Старший офицер прошел вдоль шеренги быстро и хмуро, почти не вглядываясь в лица, и остановился у правого фланга. Карл Вайлис смотрел голубыми своими спокойными глазами на выбритую кожу щеки старшего офицера. Она гладка, суха, и её красит легкий пятнистый румянец. Вайлис малого роста; он поднял голову, чтобы видеть лицо старшего офицера, а тому кажется, что матрос нагличает и голову вздернул дерзко. Недаром Хлебников в своем торопливом докладе упомянул его фамилию. Старший офицер спокоен, и только лейтенант Греве, стоящий за ним, чует грозу: длинные пальцы опущенной вдоль белых брюк правой руки старшего офицера начинают непрерывное движение, раскатывая невидимый шарик между большим, средним и указательным пальцами, плохой признак…
— Зачинщики, шаг вперед.
Это негромко. Это — пока. Это еще не гроза.

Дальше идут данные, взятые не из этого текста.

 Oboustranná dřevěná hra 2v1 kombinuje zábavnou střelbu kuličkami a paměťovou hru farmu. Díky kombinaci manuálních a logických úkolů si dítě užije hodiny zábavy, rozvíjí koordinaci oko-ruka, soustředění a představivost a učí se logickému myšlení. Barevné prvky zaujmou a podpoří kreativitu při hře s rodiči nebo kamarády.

Шеренга вздохнула. Кто зачинщики? Все согласились, неизвестно, кто начинал. Шеренга молчит, и шарик приобретает упрямую упругость, он не раздавливается. Пальцы раскатывают его все быстрей и нервней.
— Ты… латышская морда!
Это — внезапно громко, как залп в упор. Вайлис дернул головой. Окрик ударил по напряженным нервам, как хлыст.
— Ты подбивал? Я про тебя знаю!.. Книжечки почитываешь? Бунты устраиваешь? Матросов мне портишь?

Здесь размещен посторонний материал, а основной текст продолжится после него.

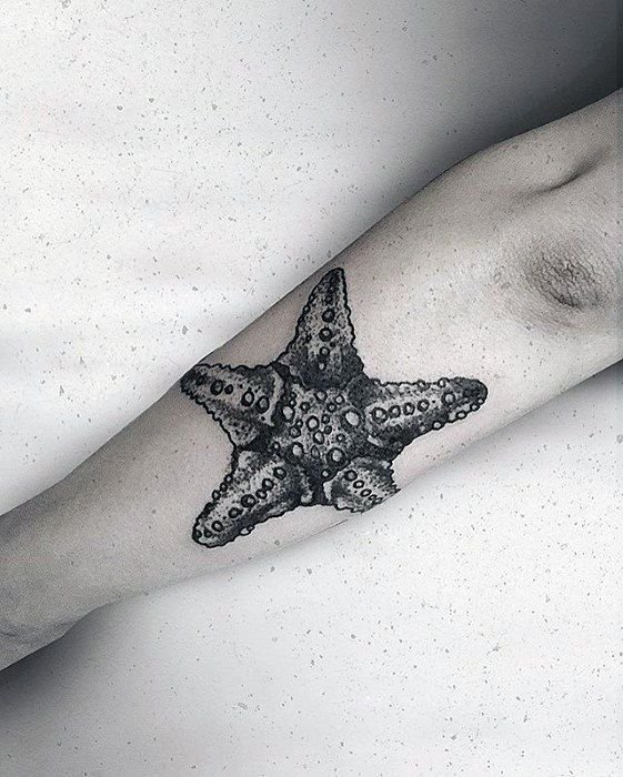 Хлопці обирають більш масштабні зображення морських зірок, прикрашаючи їм передпліччя, плечі, спину або гомілку.

У старшего офицера большой опыт: никогда нельзя говорить со всей толпой, надо выделить одного. Тогда внимание остальных отвлекается. Кроме того, никакая толпа не действует заодно, в ней всегда есть колеблющиеся и такие, которые уже чувствуют, что зашли далеко. И тем и другим надо дать лазейку и надежду, что их гроза не тронет и что для них все обернется благополучно.
— Паршивая овца все стадо гадит! Я тебя научу к бунту подбивать… Мерзавец! Шаг вперед!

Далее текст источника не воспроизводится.